As discussed above, an exemplary whole antibody that specifically binds to a flavivirus NS1 protein is denoted “2B7.” 2B7 is an IgG2b mouse monoclonal antibody (mAb) directed against dengue virus NS1 protein and is a strong inhibitor of NS1-induced endothelial hyperpermeability (3). The heavy chain variable region (VII) of the 2B7 antibody comprises an HCDR1 amino acid sequence of SEQ ID NO: 1, an HCDR2 amino acid sequence of SEQ ID NO: 2, and an HCDR3 amino acid sequence of SEQ ID NO: 3. The light chain variable region (VL) of the 2B7 antibody comprises an LCDR1 amino acid sequence of SEQ ID NO: 4, an LCDR2 amino acid sequence of SEQ ID NO: 5, and an LCDR3 amino acid sequence of SEQ ID NO: 6. The heavy chain variable region of 2B7 comprises the amino acid sequence of SEQ ID NO: 7 and the light chain variable region comprises the amino acid sequence of SEQ ID NO: 8.

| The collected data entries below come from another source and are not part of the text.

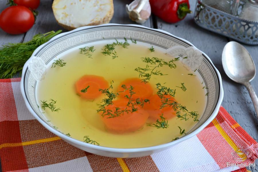 6. Затем, бульон процедить, овощи выбросить, так, как они уже отдали все свои полезные свойства. Бульон далее остудить и заморозить или использовать сразу для приготовления задуманного вами блюда. Приятного аппетита.
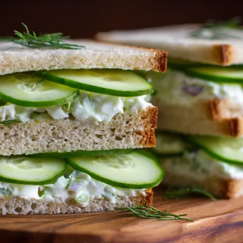 Cucumbers are over 95% water, making these sandwiches naturally hydrating. They’re also low in calories yet rich in vitamins K, B, and C, as well as minerals like copper, phosphorus, and potassium. The cream cheese provides calcium and protein, while the fresh herbs add antioxidants and micronutrients. Using whole grain bread can increase the fiber content, making these sandwiches more satiating despite their light profile.
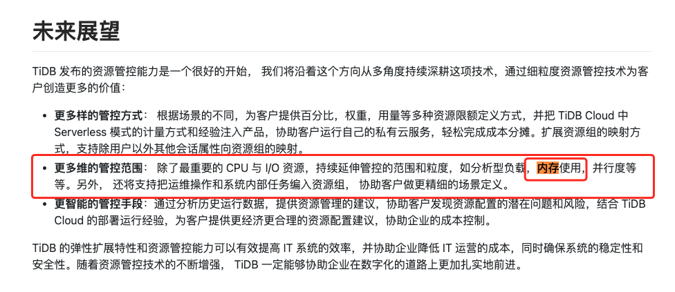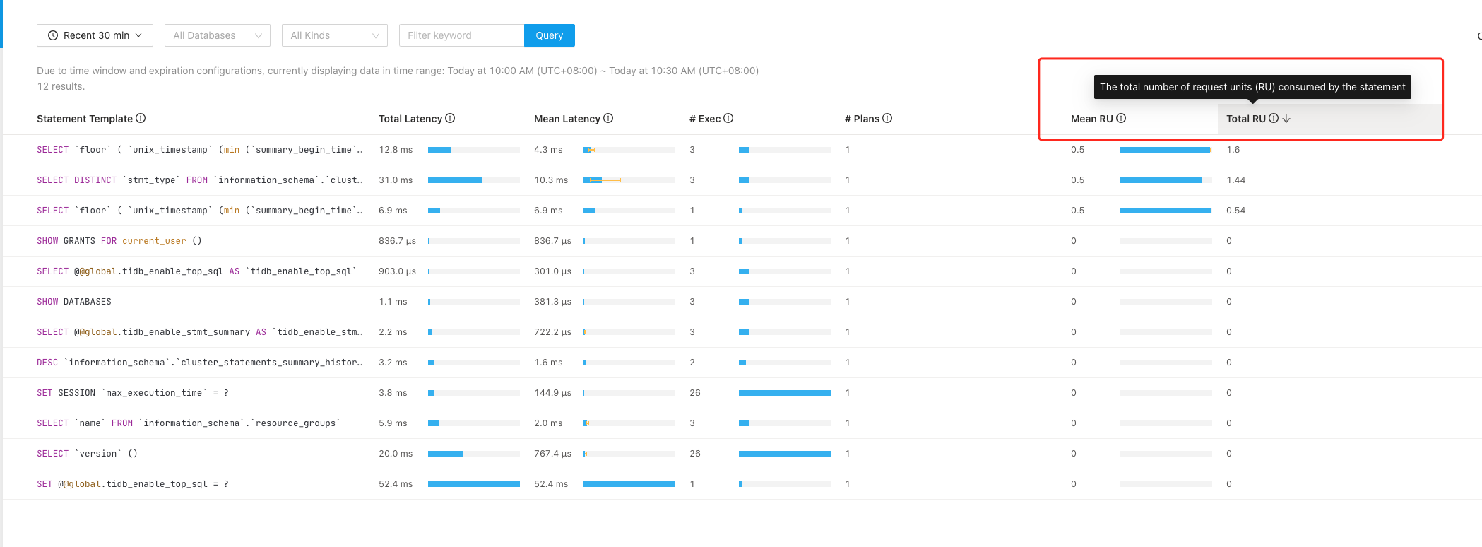 我能理解你说的了,是我搞混了概念,RU是速率限制问题,时间越长,消耗的总RU越多;但是我还有个问题,这样限制了RU,当我执行这条SQL的时候,tidb的内存异常高,这是不是也侧面说明,我这个RU设置的还是不对,设置的太大了? ![]()
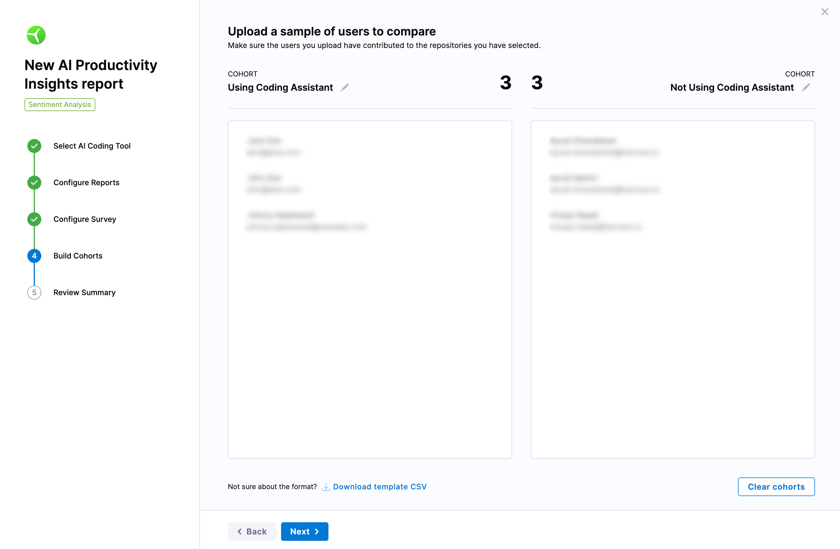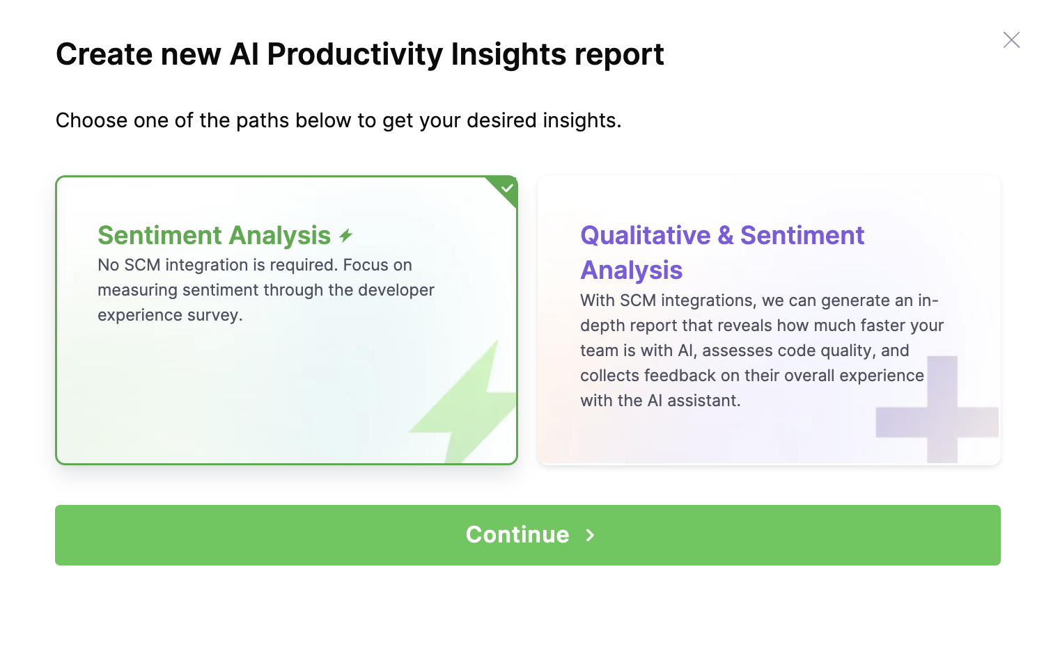 • Quick feedback loops: When you need to quickly assess how AI tools are impacting your developers' experience and performance.
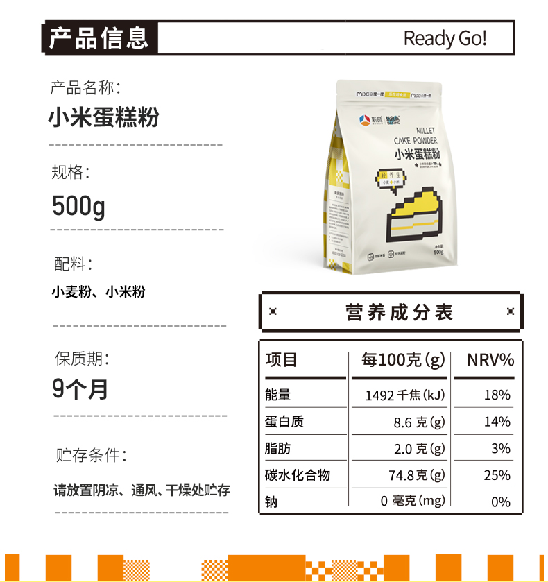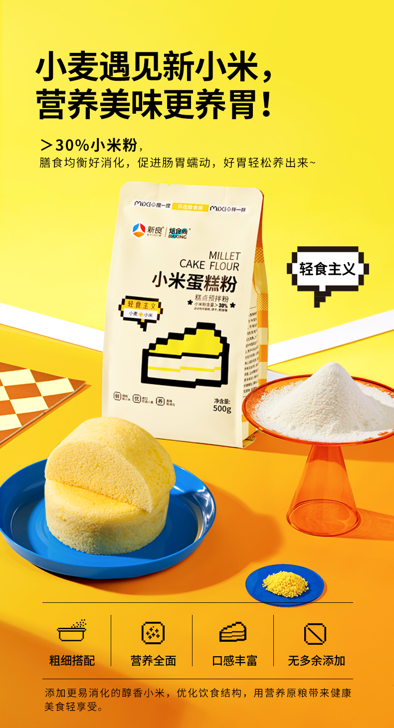 新良小米蛋糕粉500g家用米发糕预拌粉蒸糕松饼烘焙低筋面粉焙食尚
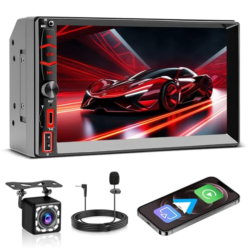 Wireless CarPlay Screen for Car, 7" Portable HD Touchscreen Car Play & Android Auto Receiver with Bluetooth, Voice Control, GPS Navigation, FM Radio, Mirror Link, AUX
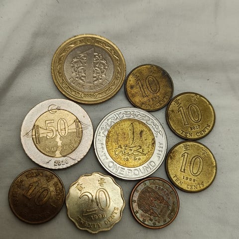 5 mk kolikoita ja reikärahoja
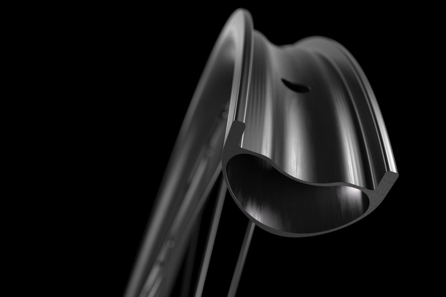 Llanta de carbono de 30 mm de ancho interno y radios conificados para reducir al máximo el peso
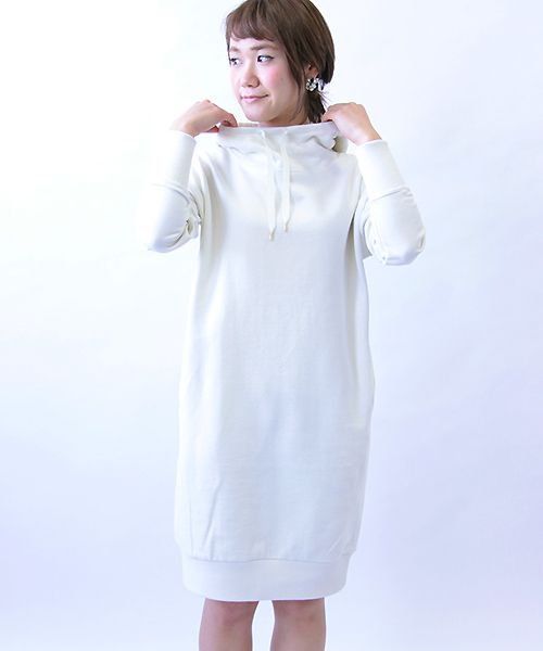 スタンドデザインのフードがユニークなスウェットワンピース。
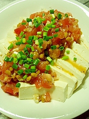 完熟トマトと納豆のソースの豆腐サラダ
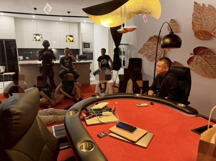ต่อมาวันที่ 11 กุมภาพันธ์ 2569 เจ้าหน้าที่ตำรวจได้รวบรวมข้อมูลการสืบสวน ทราบว่าในวันนี้จะมีการจัดให้มีการเล่นการพนันไพ่โป๊กเกอร์ จากนั้นเจ้าหน้าที่ตำรวจจึงได้วางกำลังรอบบริเวณสถานที่ซึ่งจัดให้มีการเล่นพนันนั้น โดยภายในมีไฟส่องสว่างสามารถมองเห็นผู้คนและสิ่งของได้อย่างชัดเจน โดยเจ้าหน้าที่ตำรวจได้เฝ้าสังเกตดูอยู่จนมั่นใจว่า ภายในสถานที่ดังกล่าวมีการลักลอบเล่นการพนันฯ เอาทรัพย์สินกันจริง จึงได้เข้าทำการจับกุม ผู้ต้องหาจำนวนทั้งสิ้น 9 ราย เป็นต่างชาวต่างชาติ สัญชาติ
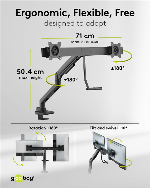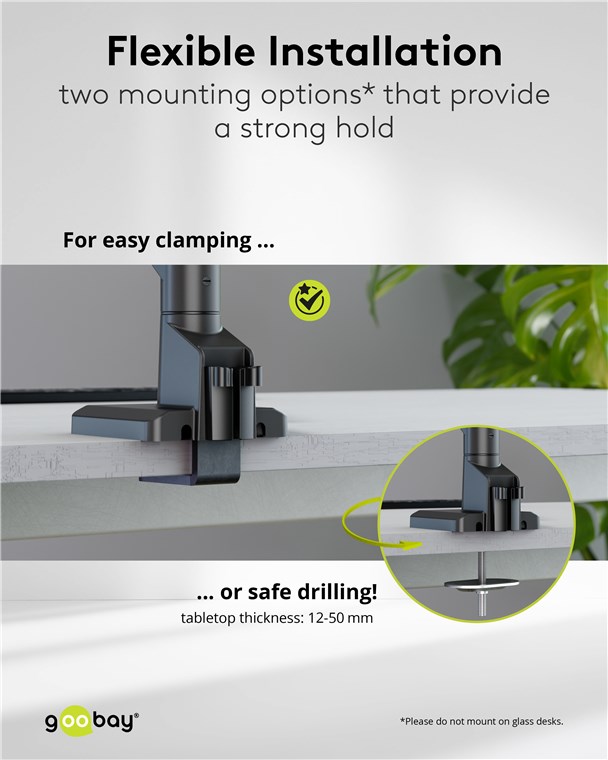 - Perfect for stable table mounting of two screens up to 9 kg each, height-adjustable, ±10° swivelling and ±10° tilting, 180° rotation, recommended tabletop thickness: 12-50 mm
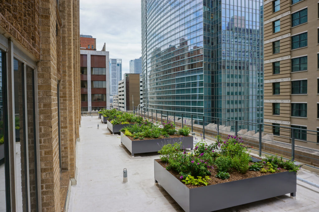 In 2022, our long-term partner and collaborator SWA Group Houston made the move to The Great Jones Building, a beautiful historic building in downtown Houston. This move kicked off an exciting process of transforming the building’s accompanying amenity deck into a stunning outdoor space for employees and building tenets alike to enjoy. To bring the group of talented landscape architects’ vision to life, Harvey Cleary Builders enlisted the expertise of Renfrow+Co; we collaborated to devise a custom modular planter system meticulously tailored to integrate into the amenity deck layout. Before the transformation could begin, our survey team measured and verified all pertinent dimensions, including the unique challenge of the deck’s sloping layout. We also factored in provisions for future lighting, plumbing, and irrigation. Once the detailed plan was solidified, the magic of fabrication and installation began.
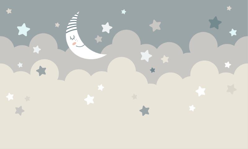 Let the beauty of the night sky into your child's room with this magical night-landscape wallpaper mural. Imagine the joy in their hearts as they drift into sleep under a peaceful crescent moon illuminated by a scattering of sparkling stars, all gently twinkling in the background of soft, fluffy clouds. This kid's wallpaper is not only a backdrop; it's a smooth, dreamy corridor to bedtime. Every star blinks in a friendly light, creating a cozy environment for bedtime stories and a peaceful night's sleep. An ideal dream for the child gazing at the night sky, this night wallpaper transforms a simple space into a cozy, dark space.
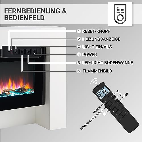 RICHEN camino elettrico da Herkules | Caminetto elettrico a pavimento con effetto fiamma 3D | Riscaldamento elettrico 2000 W | Focolare con telecomando, timer, termostato | Bianco
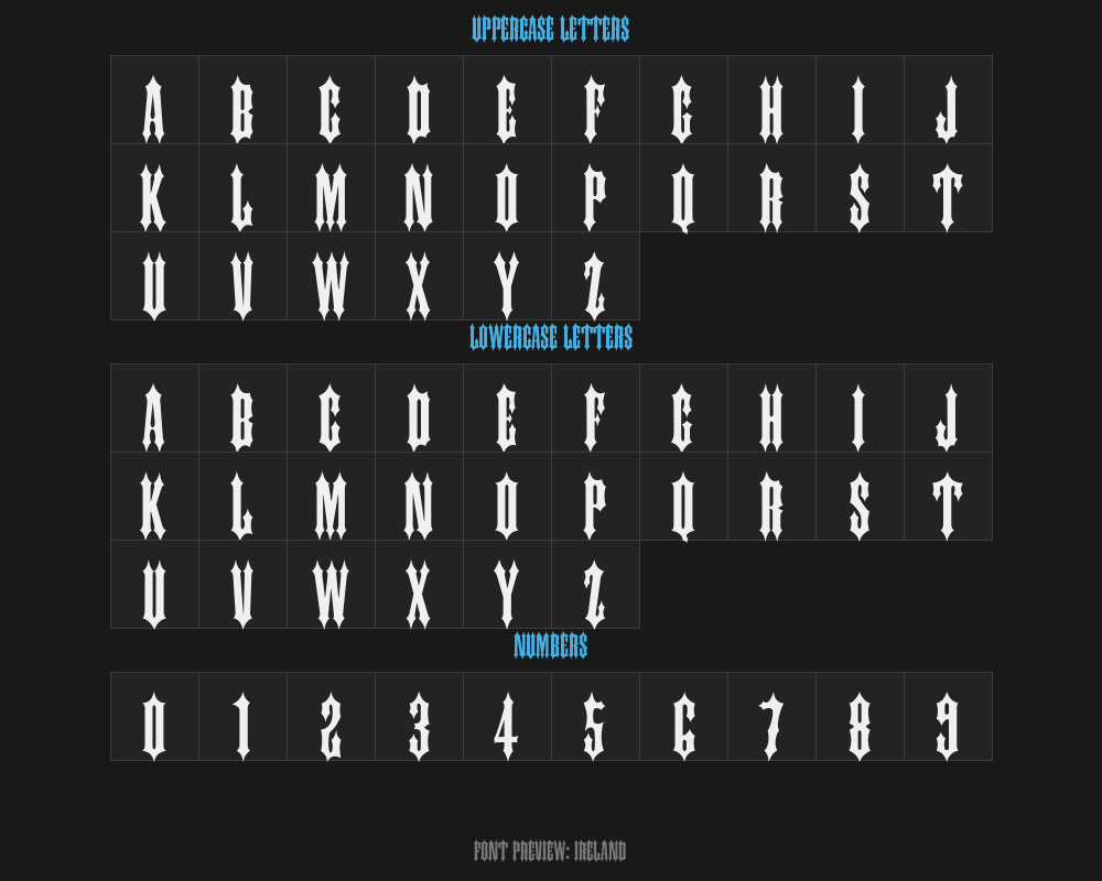 ireland is a font file with a size of 0.05 MB. The full font name is Ireland, 1.0 version. It contains 187 characters, supports 8 Chinese characters. The copyright belongs to Ireland. ireland font is available for free download, but commercial use requires confirmation on the Ireland official website whether it's free for commercial use.

Thus, in some embodiments, the binding agent disclosed herein comprises three complementarity determining regions (CDRs) of an antibody heavy chain variable region (VH) and three CDRs of an antibody light chain variable region (VL), wherein: (a) CDR1 of the VH (HCDR1) comprises the amino acid sequence of SEQ ID NO: 1, CDR2 of the VH (HCDR2) comprises the amino acid sequence of SEQ ID NO: 2, and CDR3 of the VH (HCDR3) comprises the amino acid sequence of SEQ ID NO: 3; and (b) CDR1 of the LH (LCDR1) comprises the amino acid sequence of SEQ ID NO: 4, CDR2 of the LH (LCDR2) comprises the amino acid sequence of SEQ ID NO: 5, and CDR3 of the LH (LCDR3) comprises the amino acid sequence of SEQ ID NO: 6.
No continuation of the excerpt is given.